The eepro100 was not running in zerocopy mode, so all data was copied
once. As a comparison, over 1000 mbit Ethernet with a native zero-copy
driver (SysKonnect), TUX does:
Server: TUX
Document Length: 1666
Complete requests: 20000
Failed requests: 0
Keep-Alive requests: 20094
Requests per seconds: 12812.30
Connnection Times (ms)
min avg max
Connect: 0 0 12
Total: 10 16 29
(but the server is at 70% CPU utilization in the gigabit test - the
dual-PIII/500 client is 100% CPU utilized and thus not fast enough to
saturate the server. With two clients it does about 15000 reqs/sec.)
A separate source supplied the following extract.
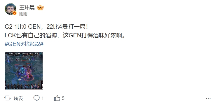 直播吧7月2日讯 MSI正赛首日G2在首局比赛上战胜Gen.G,赛后媒体人更博调侃:G2 1比0 GEN,22比4暴打一局!LCK也有自己的滔搏,这GEN打得滔味好浓啊。

> Then we decided to switch persistant connection off... But boa still wins.
>
> clameter@melchi:~$ ./zb localhost /index.html -c 215 -n 20000 -p 6000
> Server: Boa/0.94.8.3
> Doucment Length: 1666
> Requests per seconds: 227.17
with normal, non-keepalive HTTP requests, TUX 2.0 over localhost does:
m:~> ./zb localhost /index.html -c 215 -n 20000
Server: TUX
Document Length: 1666
Complete requests: 20000
Failed requests: 0
Requests per seconds: 5154.64
Connnection Times (ms)
min avg max
Connect: 11 19 23
Total: 34 40 45
over 100mbit ethernet (eepro100) it does:
h:~> ./zb m /index.html -c 215 -n 20000
Server: TUX
Document Length: 1666
Complete requests: 20000
Failed requests: 0
Requests per seconds: 4435.57
Connnection Times (ms)
min avg max
Connect: 1 15 3020
Total: 18 47 3068
over gigabit SysKonnect zero-copy it does:
h:~> ./zb mg /index.html -c 215 -n 20000
Server: TUX
Document Length: 1666
Requests per seconds: 5327.65
Connnection Times (ms)
min avg max
Connect: 0 11 16
Total: 21 39 81
(but the nonpersistent test puts even more load on the client, the server
is only about 60% utilized - with two clients it does about 8000
reqs/sec.)
at this point i couldnt resist - i assembled a few TUX 2.0 CGI execution
benchmarks. The CGI used for this test is a real, standard Linux ELF CGI
executable which is exec()-ed for every HTTP request: it read()s the same
/index.html file the other tests were using, write()s a HTML header to
stdout, then write()s the /index.html file to stdout and finally write()s
a HTML trailer to stdout and exit()s. [A separate process is created for
every single HTTP request]. Over localhost, TUX 2.0 CGI does:
m:~> ./zb localhost x?/index.html -c 215 -n 20000
---
Server: TUX
Document Length: 1876
Complete requests: 20000
Failed requests: 0
Requests per seconds: 1227.14
Connnection Times (ms)
min avg max
Connect: 1 12 32
Total: 41 172 346
---
over 100 mbit Ethernet (eepro100) TUX 2.0 CGI does:
Requests per seconds: 1336.18
(the 1000 mbit number is the same as the 100 mbit one, because the server
is saturated executing CGIs already, network bandwidth has no relevance.)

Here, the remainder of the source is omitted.